Closed davidskalinder closed 4 years ago
If it doesn't deflect you for too long, a file to ponder and play with might be good.
On 5/14/2020 12:00 PM, davidskalinder wrote:
This issue follows on directly from what's been built for #58 https://github.com/davidskalinder/mpeds-coder/issues/58, but I'm opening a new thread for it here since the target functionality is pretty different.
So, @johnklemke https://github.com/johnklemke, as we just discussed I think I can produce a CSV that's pretty close to what we'll need, though right now it's only in the development deployment so I need to deploy it to something with more data in it to be a useful test.
However while reviewing my notes for the call I realized that I also need to change the multiple-entry behavior so that it concatenates the multiple entries rather than creates a new column for each entry. This will take a little more time than just re-deploying.
Will you find it valuable to start playing with the file with multiple columns for multiple entries? Or is there not much point in producing a test file until the concatenation is fixed?
— You are receiving this because you were mentioned. Reply to this email directly, view it on GitHub https://github.com/davidskalinder/mpeds-coder/issues/83, or unsubscribe https://github.com/notifications/unsubscribe-auth/AORKHEA6VYIC2JD7ZWAB4UTRRQPUJANCNFSM4NA3RVWA.
Okay sounds good, I'll do a dump of what I've got and let you know where to find it...
I've deployed this in testing and am getting some encoding errors, so I'll need to sort those out now (and would have had to eventually anyway!). So that may delay delivery slightly...
Sigh sigh sigh sigh sigh fixed the unicode bug in 9ba7a9eef after 2 hours of debugging only to create another one in the write to csv function. More delays (caused not by this request but, really, I think, by the decision to code MAI in Python 2.7)...
Okay that one was pretty easy. Fixed in 947f610e8a, merged into testing
and master
, and run in the testing deployment. Next I just need to take it into production and cross my fingers that it 1) doesn't break anything and 2) runs.
All right, that deployment was pretty hitchless.
So @johnklemke, check out gdelt/Skalinder/MAI_exports/by_coder_and_event_by_annotation_2020-05-14_180626.csv
(the file is named after its grain).
Like we discussed, this is a file with coders, article metadata, article-level coding, and event-level coding all outer-joined together. I've used the prefix event_
for all the event-level fields and the prefix article_
for all the article-level fields (since technically each level could have a variable with the same name). Also, all variables in the original tables have both a value
and a text
field, so I've used the _value
and _text
suffixes to distinguish them. (At the moment, I think the only variables that use both are the text captures, though that might change someday.) Any column that winds up with nothing in it at all is dropped.

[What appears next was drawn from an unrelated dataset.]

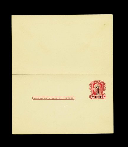 748 ogc UY10a image#UY10a, "1 cent" Press printed surcharge on 2c + 2c Red on buff, paid reply postal card, message card with no surcharge, a very rare mint unfolded example, 2c Washington message card bears no surcharge, truly "post office" fresh and choice, extremely fine; unpriced in both Scott and USPCC, only three examples are known mint unfolded; ex-Beachboard (USPCC #MR17b). (Image) Est. 1,000-1,500

Also as we discussed, at the moment any variables that appear multiple times at the same grain are split into multiple columns with the n
th column getting the suffix _n
right after the variable name for all n
>1. (So until I build in the concatenation, there'll be a lot of columns.)
I hope the rest should be as simple as possible but no simpler? But of course let me know if you run into any hurdles...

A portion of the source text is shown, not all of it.